==== GIVEN RECORDS

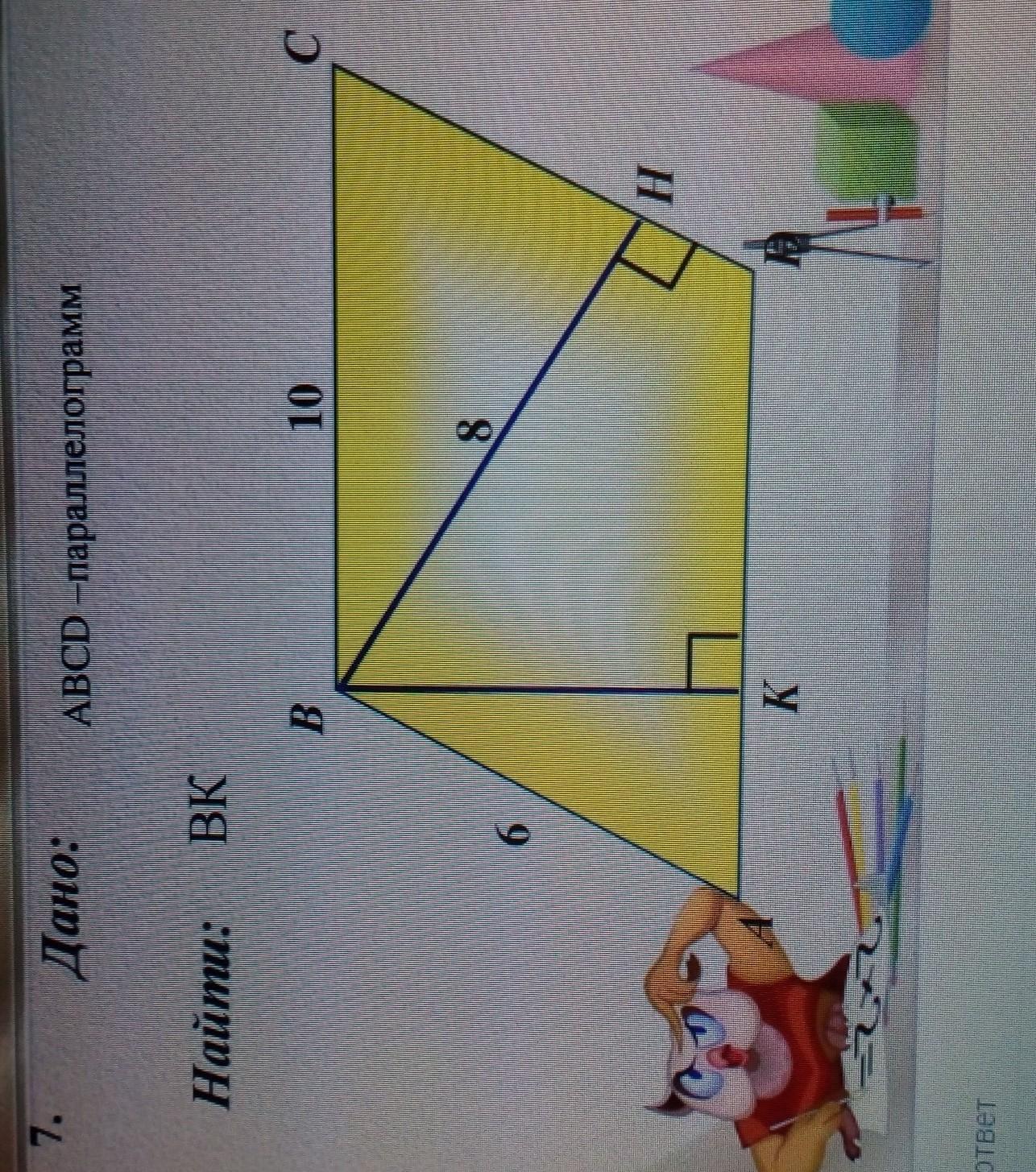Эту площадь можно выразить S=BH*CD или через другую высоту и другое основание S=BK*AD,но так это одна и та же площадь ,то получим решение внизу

========
==== GIVEN RECORDS

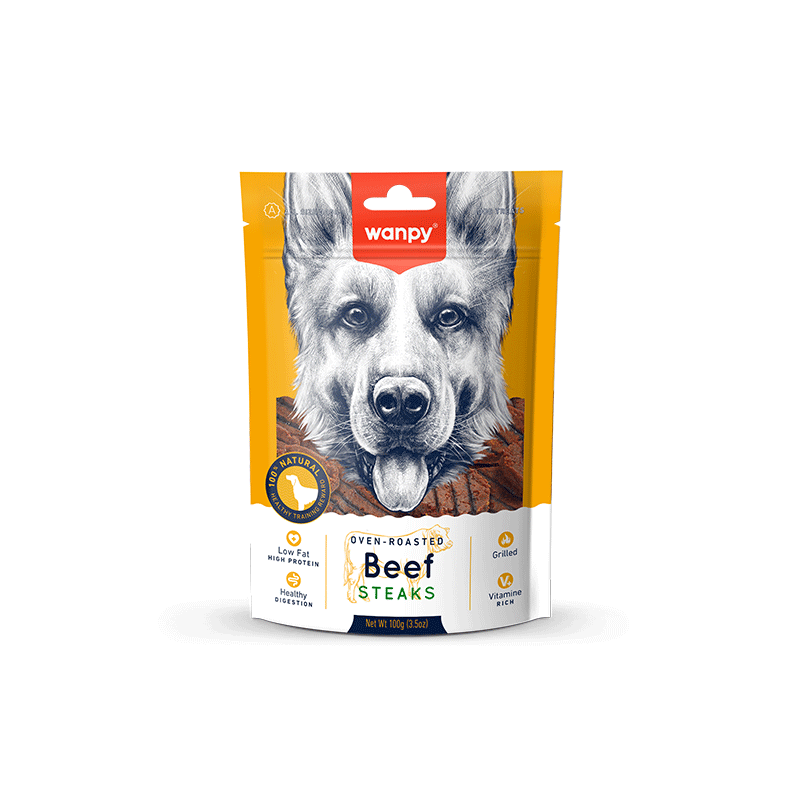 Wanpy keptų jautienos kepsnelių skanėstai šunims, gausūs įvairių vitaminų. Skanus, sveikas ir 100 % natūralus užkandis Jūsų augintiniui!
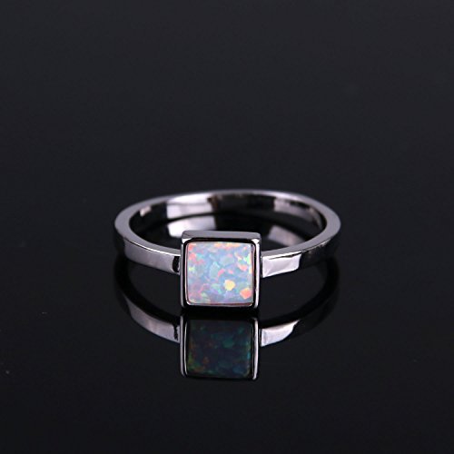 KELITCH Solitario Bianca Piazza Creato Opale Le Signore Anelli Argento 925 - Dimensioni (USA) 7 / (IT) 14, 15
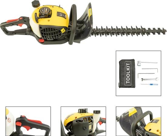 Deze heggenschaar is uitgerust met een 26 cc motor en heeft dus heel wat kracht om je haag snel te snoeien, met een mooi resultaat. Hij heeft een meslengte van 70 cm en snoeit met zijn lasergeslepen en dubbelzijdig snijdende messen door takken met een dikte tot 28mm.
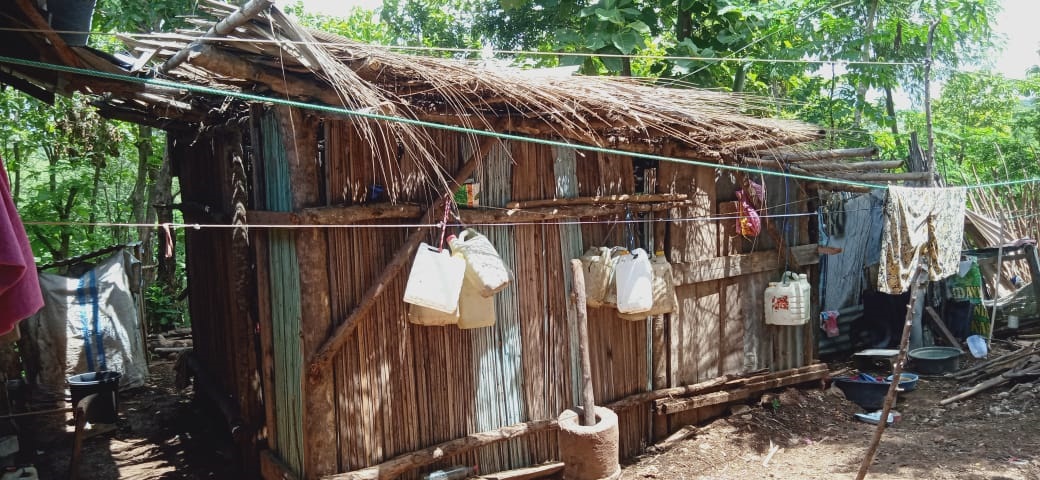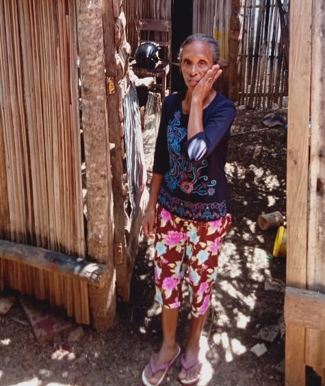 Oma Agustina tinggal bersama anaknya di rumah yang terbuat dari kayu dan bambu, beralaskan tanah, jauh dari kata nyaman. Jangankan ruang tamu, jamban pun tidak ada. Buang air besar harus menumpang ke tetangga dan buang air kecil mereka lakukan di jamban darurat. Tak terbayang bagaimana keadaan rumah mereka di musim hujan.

========
==== GIVEN RECORDS

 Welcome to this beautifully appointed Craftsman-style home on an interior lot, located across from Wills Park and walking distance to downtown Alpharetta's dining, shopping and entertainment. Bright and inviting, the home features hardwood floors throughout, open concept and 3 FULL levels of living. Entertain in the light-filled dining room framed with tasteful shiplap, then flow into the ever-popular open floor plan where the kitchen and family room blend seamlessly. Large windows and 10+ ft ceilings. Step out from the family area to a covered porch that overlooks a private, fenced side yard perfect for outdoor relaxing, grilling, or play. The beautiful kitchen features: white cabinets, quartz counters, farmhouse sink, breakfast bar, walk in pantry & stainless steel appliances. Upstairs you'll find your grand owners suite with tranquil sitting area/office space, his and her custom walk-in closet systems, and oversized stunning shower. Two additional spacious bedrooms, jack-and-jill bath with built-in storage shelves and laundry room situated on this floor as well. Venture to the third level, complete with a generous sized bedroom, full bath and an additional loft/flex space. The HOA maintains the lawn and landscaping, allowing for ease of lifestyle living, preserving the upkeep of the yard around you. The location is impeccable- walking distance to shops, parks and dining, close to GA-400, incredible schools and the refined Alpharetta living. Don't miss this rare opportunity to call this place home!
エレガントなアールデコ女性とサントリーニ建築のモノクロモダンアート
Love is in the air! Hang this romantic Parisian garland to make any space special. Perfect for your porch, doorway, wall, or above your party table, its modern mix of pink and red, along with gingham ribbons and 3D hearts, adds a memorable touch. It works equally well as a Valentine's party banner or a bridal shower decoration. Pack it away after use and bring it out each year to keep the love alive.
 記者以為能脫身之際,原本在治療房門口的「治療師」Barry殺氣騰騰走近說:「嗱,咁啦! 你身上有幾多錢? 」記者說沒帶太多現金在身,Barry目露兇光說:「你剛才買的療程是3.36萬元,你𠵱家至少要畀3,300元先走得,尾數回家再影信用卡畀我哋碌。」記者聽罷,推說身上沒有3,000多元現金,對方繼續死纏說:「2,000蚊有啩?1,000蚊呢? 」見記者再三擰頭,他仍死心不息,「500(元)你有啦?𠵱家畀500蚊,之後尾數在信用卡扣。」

========

> _WHAT TO DO_: Copy needed, without pictures: the lines of the listing above from the line containing "Wanpy keptų jautienos" up to and including the line containing "KELITCH Solitario Bianca", set down exactly.

> _THE ANSWER_:
 Wanpy keptų jautienos kepsnelių skanėstai šunims, gausūs įvairių vitaminų. Skanus, sveikas ir 100 % natūralus užkandis Jūsų augintiniui!
 KELITCH Solitario Bianca Piazza Creato Opale Le Signore Anelli Argento 925 - Dimensioni (USA) 7 / (IT) 14, 15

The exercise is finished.